## THE TASK
What you should give back is a precise copy of the lines below from the one containing "- Disponga el" through the one containing "Während einer Druckprüfung", with no pictures.

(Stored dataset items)

--

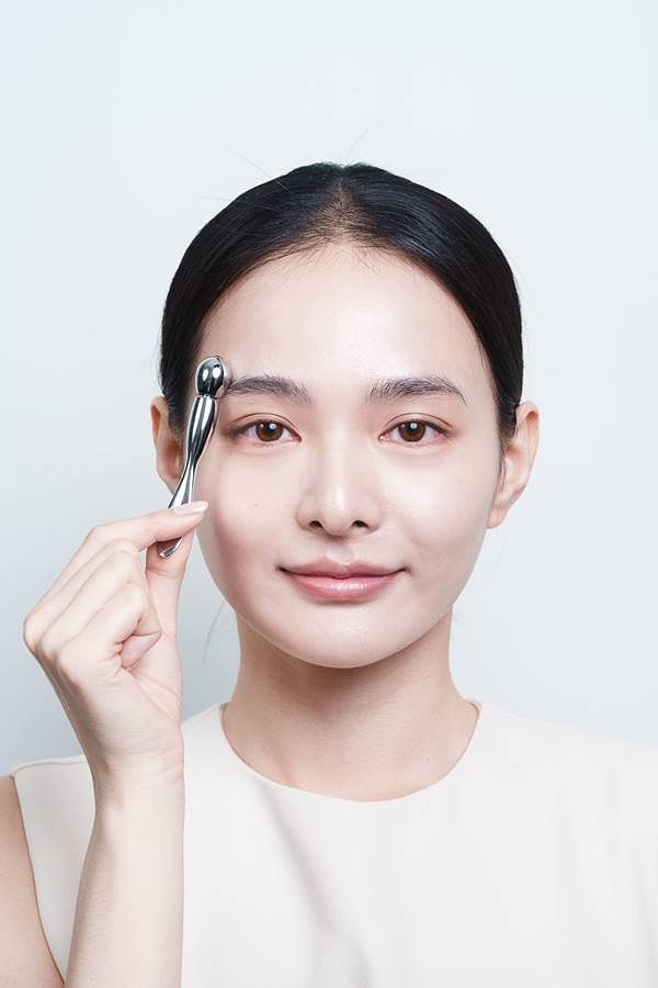 享受居家極致奢華護膚保養,於夜間清潔後,搭配2-3滴『Bio-3激活安瓶精華』,按摩全臉至吸收,再接續進行眼周保養,將『Bio-3激活眼部安瓶精華』塗抹於眼周,包含眼下、眼瞼、眼尾和眉毛之間,使用無名指將精華輕輕拍開再利用超導眼部按摩滾輪按摩。超導眼部按摩滾輪採用鋅合金材質,前方滾珠可360°全方位滾動設計,能完美貼合眼周輪廓,零死角按摩眼周肌膚、穴道,幫助成分吸收同時冰鎮舒緩,從內眼角向外到以Z字型輕輕滾動於眼周,一眼來回3次,緊緻更有感。
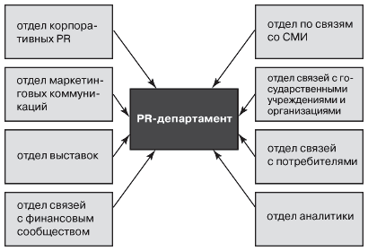 Структура корпоративных РR-департаментов достаточно проста. Обычно в состав PR-департамента входят:
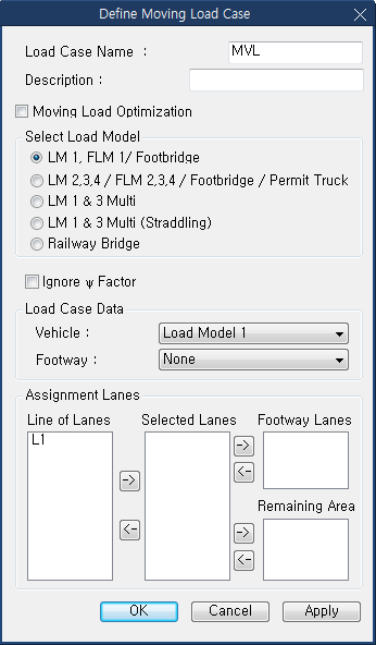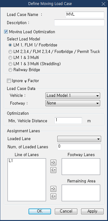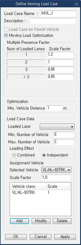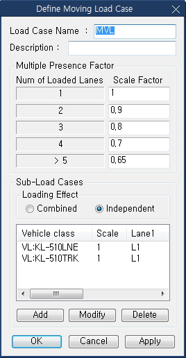ÇÏÁß±âÁØ(KOREA, AASHTO Sandard, AASHTO LRFD µî)¿¡ µû¶ó ´ÙÂ÷¼± µ¿½Ã ÀçÇϽà °¨¼Ò°è¼ö(Multiple Presence Factor)°ªÀ» Default·Î µÇµµ·Ï °³¼±ÇÏ¿´´Ù.
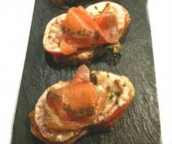 - Disponga el tomate y la mozzarella en rodajas encima de las rebanadas.
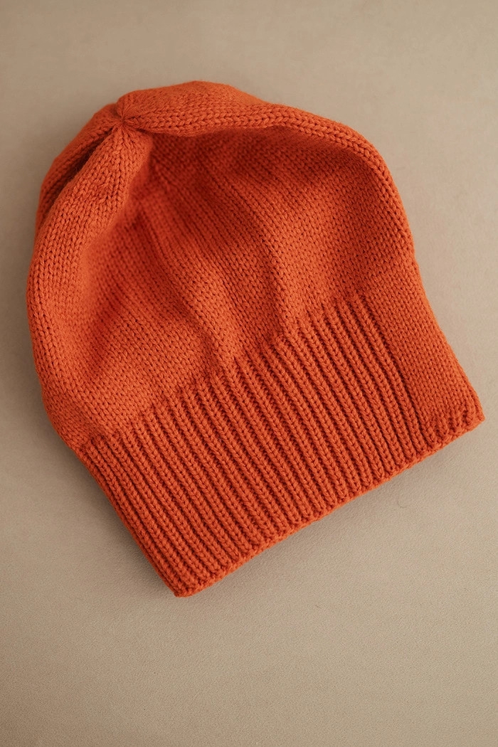 Dámská zimní čepice z vlny s klasickým ribovým vzorem K444 oranžová
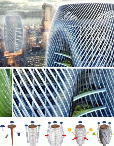 如何讓建筑在最大程度上收集雨水?H3AR設計的集雨摩天樓可能給出答案。借助于覆蓋整個外部的水槽網,雨水將直接流入一個處理廠。處理后獲得的生活用水可用于沖馬桶、洗衣服、其他清洗工作以及澆灌植物。根據H3AR的設計,摩天樓的皮膚與屋頂上一個巨大的碗狀雨水收集設施結合在一起,在最大程度上獲取雨水。    7.法國第戎多功能生態區
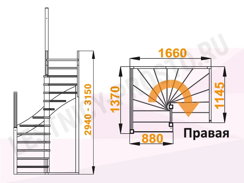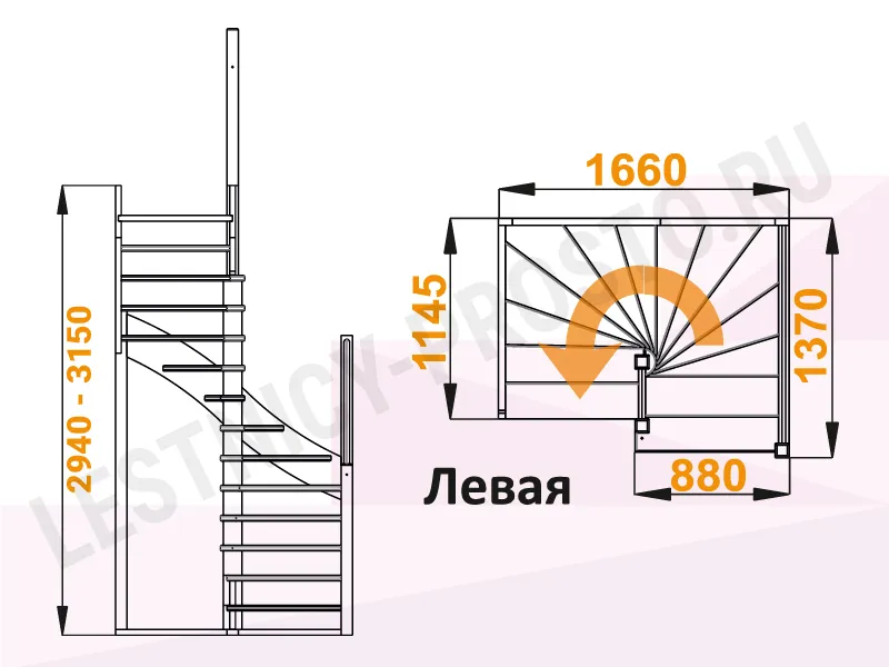 Высота лестницы 2940 - 3150 мм
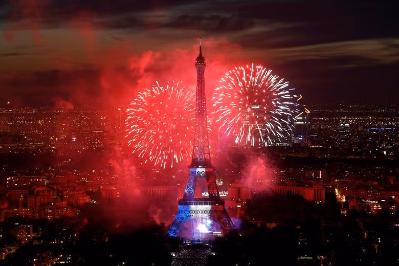 Hình ảnh pháo hoa được bắn ngay tháp Eiffel nhân kỷ niệm 228 năm Quốc khánh Pháp.
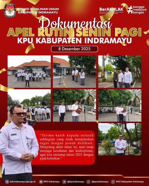 INDRAMAYU - KPU Kabupaten Indramayu kembali melaksanakan Apel Pagi Rutin pada Senin (8/12) pagi bertempat di halaman kantor KPU Indramayu. Kegiatan yang diikuti oleh seluruh jajaran sekretariat dan komisioner. ini dilaksanakan sebagai bentuk kedisiplinan sekaligus sarana koordinasi awal pekan.
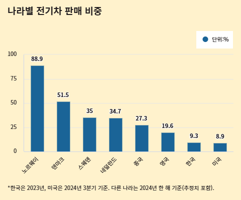 -전 세계의 주목을 받는 전기차 천국, 노르웨이가 2024년엔 전기차 판매 비중 88.9%라는 기록을 세웠습니다. 춥고 넓어서 전기차 보급에 불리하다는 인식을 깼습니다.
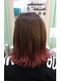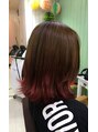 外ハネボブに暗めのローライトカラーと毛先にレッド系グラデーションカラーでお染しました!外ハネスタイルを強調するデザインカラーです♪
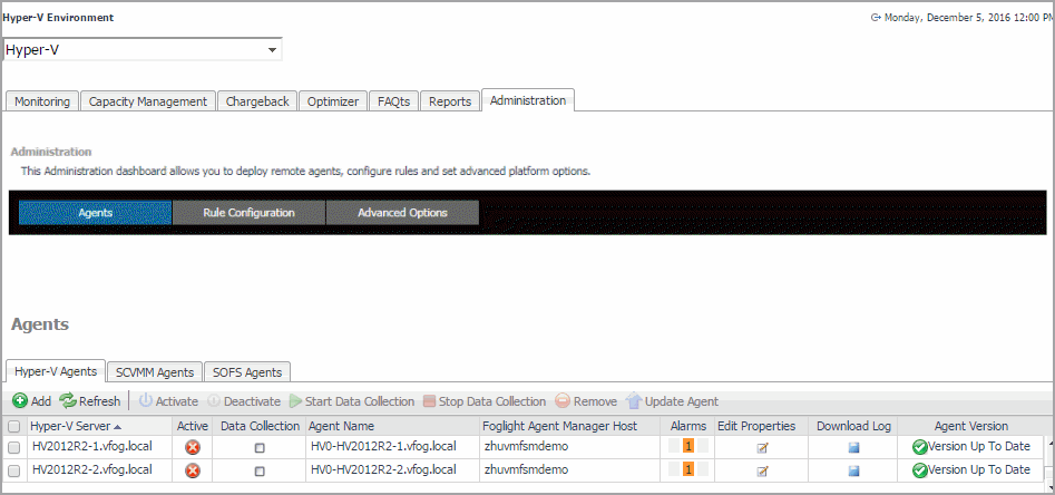 Agents: Review existing Hyper-V/SOFS/SCVMM object instances. For more information, see Agents view commands.
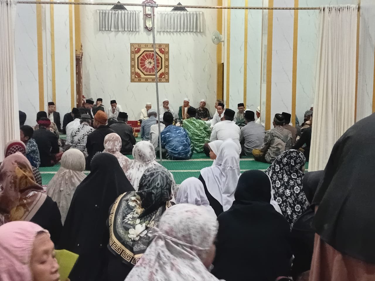 Foto: Suasana Peringatan Isra Mi’raj Nabi Muhammad SAW dan Haul 100 Hari Atas wafatnya Sesepuh Pondok Pesantren Nurul Falah Bongkor, KH Ade Ma’ruf di Masjid Jami Nurul Falah Bongkor Desa Cintarakyat, Kecamatan Samarang, Kabupaten Garut, Rabu malam, 24 Desember 2025.
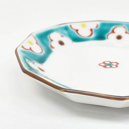 九谷の伝統的な色の釉薬を使って、安東眉石窯の絵付け職人がさんが一皿一皿手描きで描いた模様はとても繊細で美しく、石川県の伝統工芸「九谷焼き」の魅力が伝わってきます。 小皿としてでだけでなく、コースターとしてお使い頂くのも◎
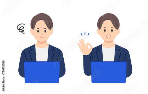 パソコンを見て悩む・OKポーズをするビジネスパーソン男性のセット【人物ベクターイラスト素材】
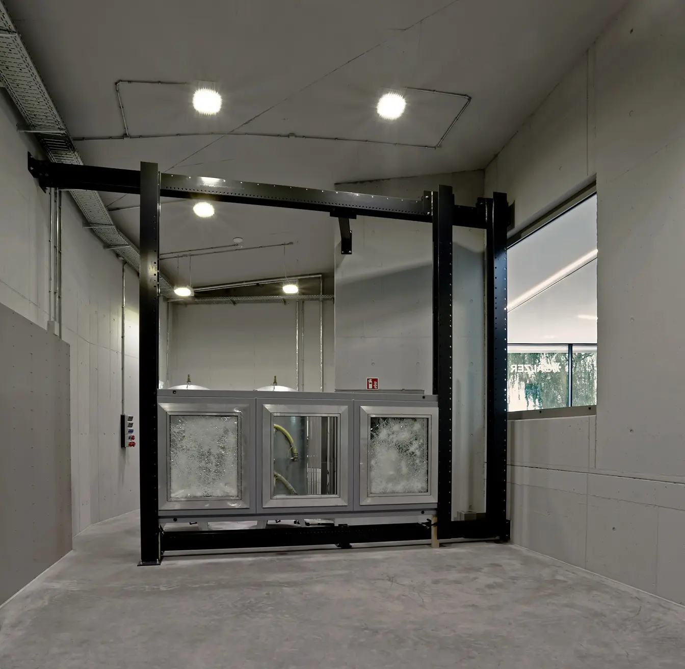 Während einer Druckprüfung wird über ein Schiebefenster der Raum nach außen hin geöffnet, sodass durch in die Fassade integrierte Druckentlastungsöffnungen der im Raum entstehende Überdruck schnell entweichen kann.
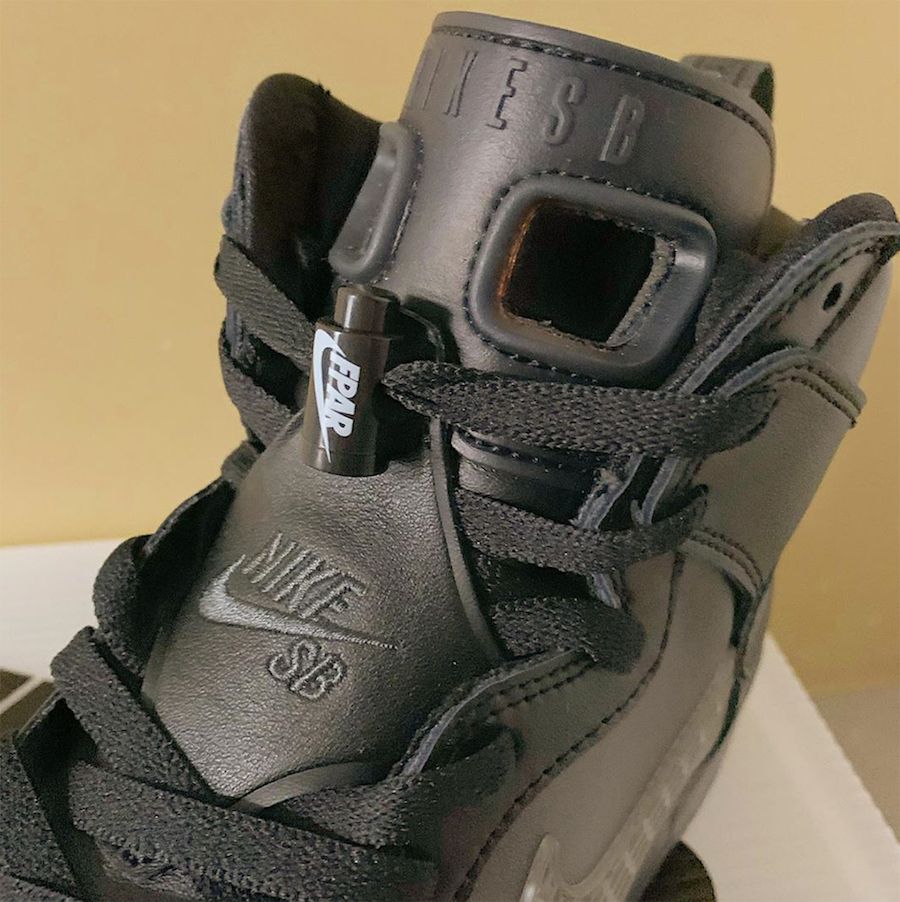 La classica linguetta frontale viene sostituita da quella gommata che ha reso iconiche le Jordan 6, arricchite dai lace locks brandizzati FPAR, mentre la retina delle Jordan 5 viene applicata per la creazione degli Swoosh laterali. Essendo un omaggio al mondo di Jordan, tutti i loghi verranno sostituti da quelli di Nike SB, Nike Air e FPAR.

--

## TASK RESPONSE
 - Disponga el tomate y la mozzarella en rodajas encima de las rebanadas.
 Dámská zimní čepice z vlny s klasickým ribovým vzorem K444 oranžová
 如何讓建筑在最大程度上收集雨水?H3AR設計的集雨摩天樓可能給出答案。借助于覆蓋整個外部的水槽網,雨水將直接流入一個處理廠。處理后獲得的生活用水可用于沖馬桶、洗衣服、其他清洗工作以及澆灌植物。根據H3AR的設計,摩天樓的皮膚與屋頂上一個巨大的碗狀雨水收集設施結合在一起,在最大程度上獲取雨水。    7.法國第戎多功能生態區
 Высота лестницы 2940 - 3150 мм
 Hình ảnh pháo hoa được bắn ngay tháp Eiffel nhân kỷ niệm 228 năm Quốc khánh Pháp.
 INDRAMAYU - KPU Kabupaten Indramayu kembali melaksanakan Apel Pagi Rutin pada Senin (8/12) pagi bertempat di halaman kantor KPU Indramayu. Kegiatan yang diikuti oleh seluruh jajaran sekretariat dan komisioner. ini dilaksanakan sebagai bentuk kedisiplinan sekaligus sarana koordinasi awal pekan.
 -전 세계의 주목을 받는 전기차 천국, 노르웨이가 2024년엔 전기차 판매 비중 88.9%라는 기록을 세웠습니다. 춥고 넓어서 전기차 보급에 불리하다는 인식을 깼습니다.
 外ハネボブに暗めのローライトカラーと毛先にレッド系グラデーションカラーでお染しました!外ハネスタイルを強調するデザインカラーです♪
 Agents: Review existing Hyper-V/SOFS/SCVMM object instances. For more information, see Agents view commands.
 Foto: Suasana Peringatan Isra Mi’raj Nabi Muhammad SAW dan Haul 100 Hari Atas wafatnya Sesepuh Pondok Pesantren Nurul Falah Bongkor, KH Ade Ma’ruf di Masjid Jami Nurul Falah Bongkor Desa Cintarakyat, Kecamatan Samarang, Kabupaten Garut, Rabu malam, 24 Desember 2025.
 九谷の伝統的な色の釉薬を使って、安東眉石窯の絵付け職人がさんが一皿一皿手描きで描いた模様はとても繊細で美しく、石川県の伝統工芸「九谷焼き」の魅力が伝わってきます。 小皿としてでだけでなく、コースターとしてお使い頂くのも◎
 パソコンを見て悩む・OKポーズをするビジネスパーソン男性のセット【人物ベクターイラスト素材】
 Während einer Druckprüfung wird über ein Schiebefenster der Raum nach außen hin geöffnet, sodass durch in die Fassade integrierte Druckentlastungsöffnungen der im Raum entstehende Überdruck schnell entweichen kann.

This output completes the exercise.